Der Senatssprecher ging sofort in die Gegenoffensive – natürlich bei Facebook

Für etwas mehr Klarheit sollen „Social-Media-Richtlinen“ sorgen, die etwa Firmen für ihre Mitarbeiter entwickeln. „Trennen Sie zwischen dienstlicher und privater Nutzung“, heißt es in der Richtlinie der Stadt. „Für Aktivitäten, die (...) der beruflichen Vernetzung oder der Öffentlichkeitsarbeit dienen, sollte in der Regel entsprechend dienstliche Accounts genutzt werden.“ Genau das habe der Senatssprecher aber nicht getan, moniert CDU-Mann Heinemann.

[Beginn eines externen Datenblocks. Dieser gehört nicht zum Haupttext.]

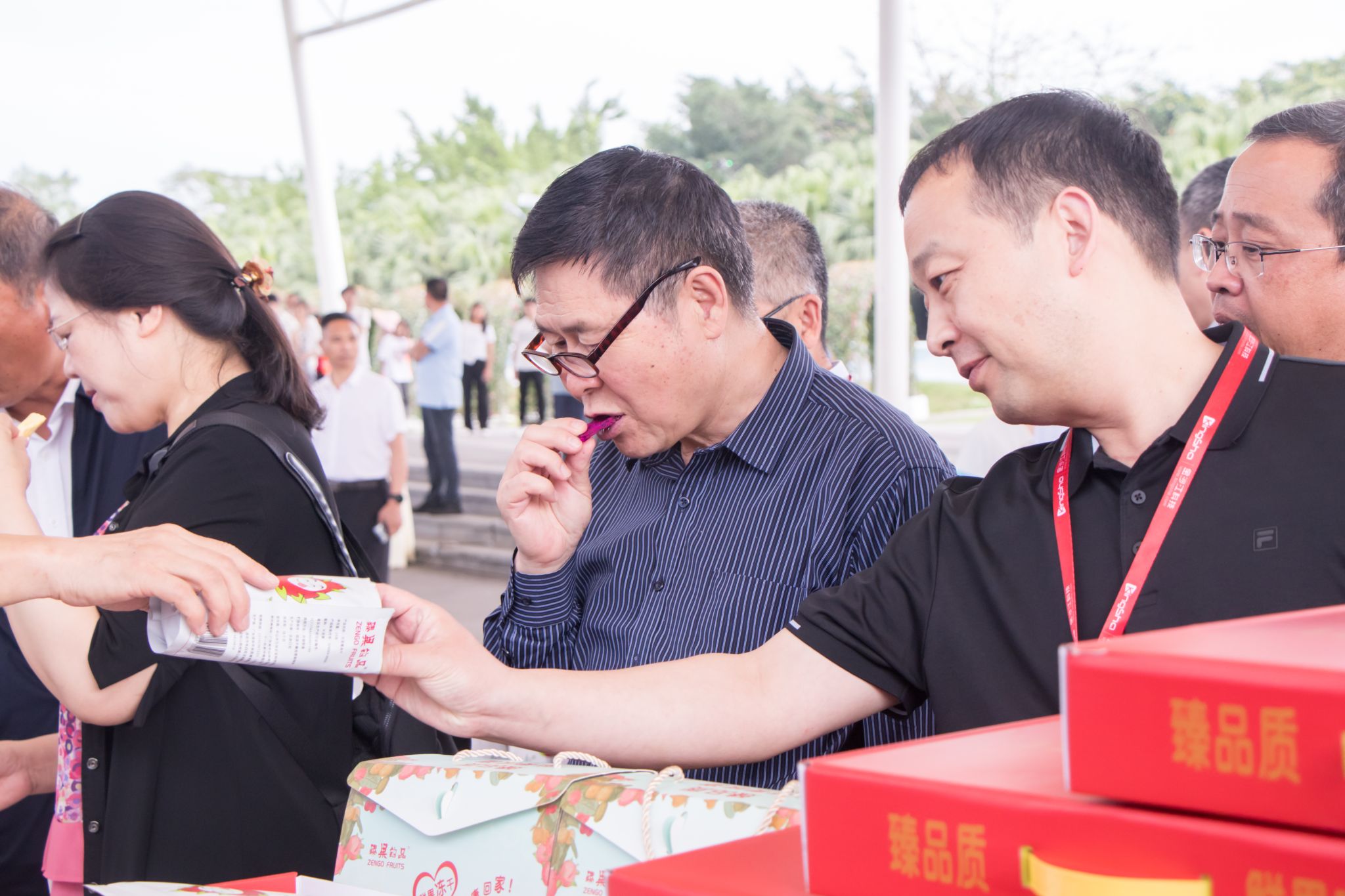【現場參觀考察的領導和嘉賓對我校鄉村振興成果展位非常感興趣,紛紛來到展位前試吃校企研發的火龍果、荔枝等水果凍干】

Holstein ging sofort in die Gegenoffensive – bei Facebook. „Mein Facebook-Freund Robert Heinemann befragt den Senat in einer Schriftlichen Kleinen Anfrage nach den Facebook-Aktivitäten des Senatssprechers bzw. der Privatperson C. H.“, schrieb er dort. „Ich würde gern wie gewohnt humorvoll antworten, fürchte aber, das wird mir nicht erlaubt. Na, dann eben nicht.“

Das Echo war enorm: Bald war der Vorgang vielfach kommentiert. Heinemann zog dabei den Kürzeren. Er sei eine „Spaßbremse“ und betreibe „Erbsenzählerei“, hieß es . Eine Kommentatorin postete: „Meine PRIVAT-Meinung: kein Handlungsbedarf, kein FB-Verbot für C.H.“ Wie das Ganze gewohnt seriös von der Verwaltung beurteilt wird, erfährt die Öffentlichkeit in der kommenden Woche – auf welchem Weg auch immer. Dann muss der Senat die Anfrage der CDU beantworten.